You Can't Do It All (And You Shouldn't Try): Hiring Help for Valentine's Day (part 1)
PART 1 of 2
This one ended up longer than I expected, so I’ve split it into two parts. Today covers hiring different roles. Tomorrow we’ll go over the paperwork.
We've covered organizing your shop and streamlining your orders. Now it's time to talk about the people who'll help you execute. Because even the best systems fall apart if you don't have the right people in the right roles. Let's break down who does what, how to choose the right help, and how to set everyone up for success.
Let's be honest: you can technically do everything yourself. You can take every order, design every arrangement, route every delivery, package every vase, write every card, load every car, and drive every route.
But here's what that actually looks like: you'll be slower at each task because you're constantly switching gears. You'll make more mistakes because you're exhausted. You'll take fewer orders because there's only so much one person can do in 24 hours. And by February 15th, you'll be so burnt out that you'll need a week to recover.
(Don’t worry - we’ll cover this tomorrow.)
After three decades in this business, I've learned that the florists who scale successfully aren't the ones who can do everything. They're the ones who figure out what they're best at and hire help for the rest. They know that hiring help isn't an expense. It's an investment that allows them to serve more customers, create better work, and actually enjoy the holiday instead of just surviving it.
This isn't about admitting defeat or acknowledging that you can't handle the pressure. It's about working smarter. It's about recognizing that your time and energy are finite resources, and the way you allocate them determines whether you just get through Valentine's Day or whether you truly thrive during it.
The goal is to create a system where everything gets done well, and you're positioned exactly where you add the most value.
Figure Out Where You're Most Useful
Before we dive into specific roles, let's address something important: deciding who does what on your team isn't just about filling positions. It's about understanding how each role connects to the others and where you fit into that puzzle. When you're clear about what each person handles and how their work flows to the next person, you create a team that operates like a well-oiled machine.
The secret to a smooth Valentine's Day is having the right help in the right places, with everyone knowing exactly what they're responsible for.
Let’s dive in!
What do you do best?
Think about where you add the most value. Are you brilliant at design but terrible at juggling logistics? Or are you better at keeping everything organized while someone else handles the creative work?
If you're the creative genius, hire someone to manage operations while you focus on design. If you're the organized one, hire designers and keep the whole machine running.

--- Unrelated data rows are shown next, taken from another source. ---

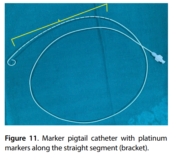 它们被用来精确测量血管段的长度,并且它们的身上有固定间隔的金属标记。例如,在主动脉支架置入前使用标记猪尾巴导管(图11)。
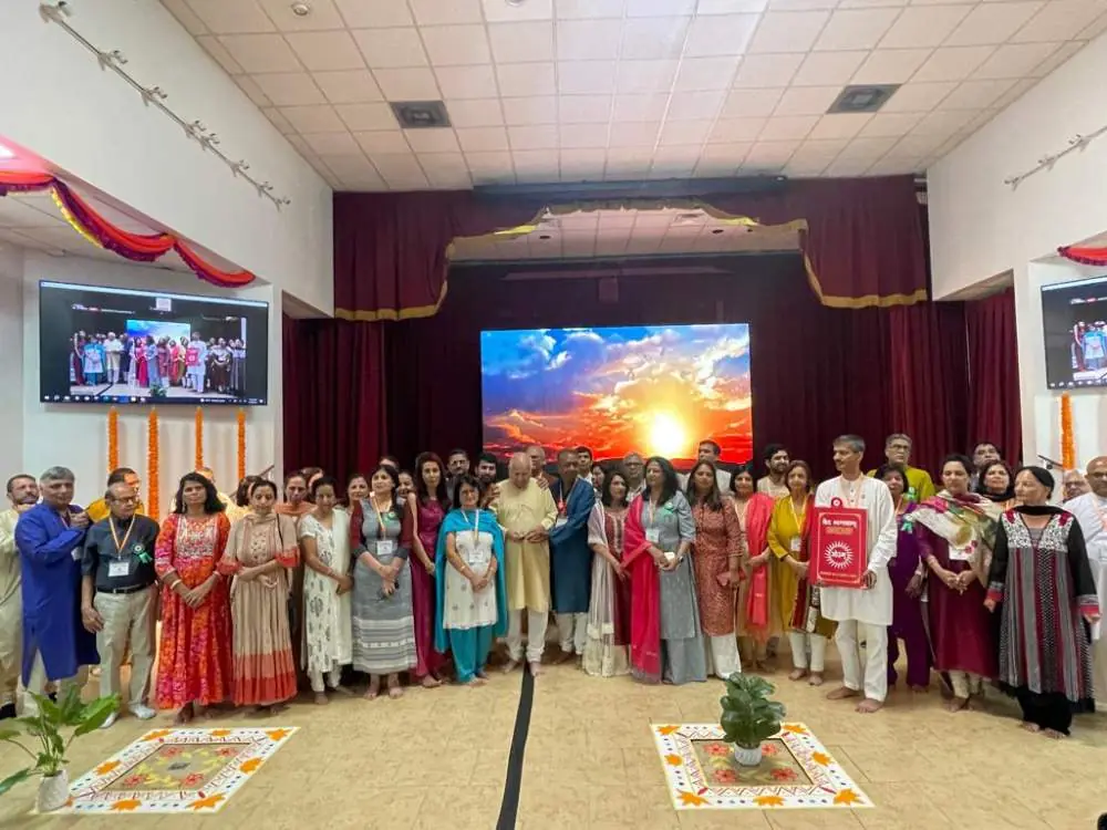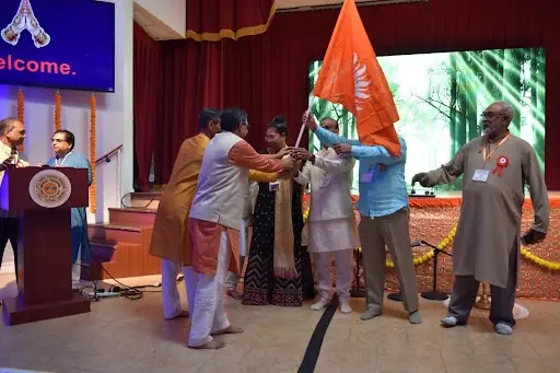 A striking feature was the passing of the OM flag to Arya Samajs in New York who will be hosting the 2024 International Arya MahaSammelan, similar to the passing of the baton in Olympic and other international games.
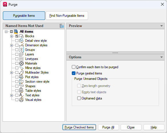 Lists the items in your current drawing that you can purge in the tree view pane on the left side. Additional items can be removed from the drawing under the Purge Unnamed Objects pane on the right side of the dialog box.
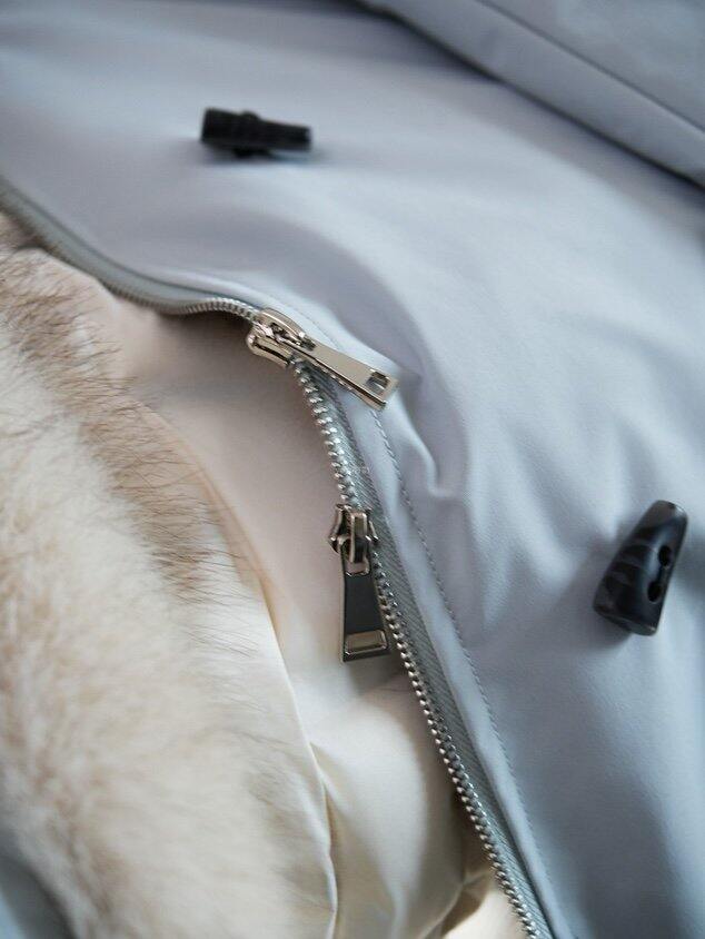 领口与门襟拼接环保皮草,保暖又高级~

There's no right answer. Just the answer that's right for you.
Your Checklist:
Decide where you’re most valuable
what you do best
List what drains your energy
Identify which role you should keep
Review your team & assign roles for the holiday
Hire freelancers for the remaining jobs
Taking Orders: The Easiest Critical Role to Hire
Why This Role Matters More Than You Think
The person answering your phone isn't just taking orders. They're creating first impressions, setting expectations, and directly impacting your revenue.
A confident order-taker who knows your products and understands value will naturally upsell and guide customers toward better choices. A hesitant one who's unsure about pricing will inadvertently steer customers toward your cheapest options.
The difference between these two scenarios can mean thousands of dollars over Valentine's week.
The good news? This is one of the easiest roles to train for, and you don't need someone with floral experience. You just need someone who can follow a system, stay calm when the phone rings nonstop, and understand that your arrangements are worth what you're charging. Here's exactly how to set them up for success.
Arm them with a list of your specials and include
A short description of the arrangement
Highlights about the arrangement (ex: featuring garden roses)
Price and upgrade options
Include photos for reference.
Give them your order form (pen & paper or POS system)
Walk them through it the system until they are comfortable with the system & the holiday specials
Don’t forget the add-ons! This can be a significant source of holiday income
Your Checklist:
Find someone who understands value (not a bargain hunter), is comfortable speaking with customers, and can handle a fast pace.
Create a list of your specials with details and photos. (You can print off your online product pages)
Provide a list of add-on items.
Print order forms if using paper. Set up user on POS if using a computer system.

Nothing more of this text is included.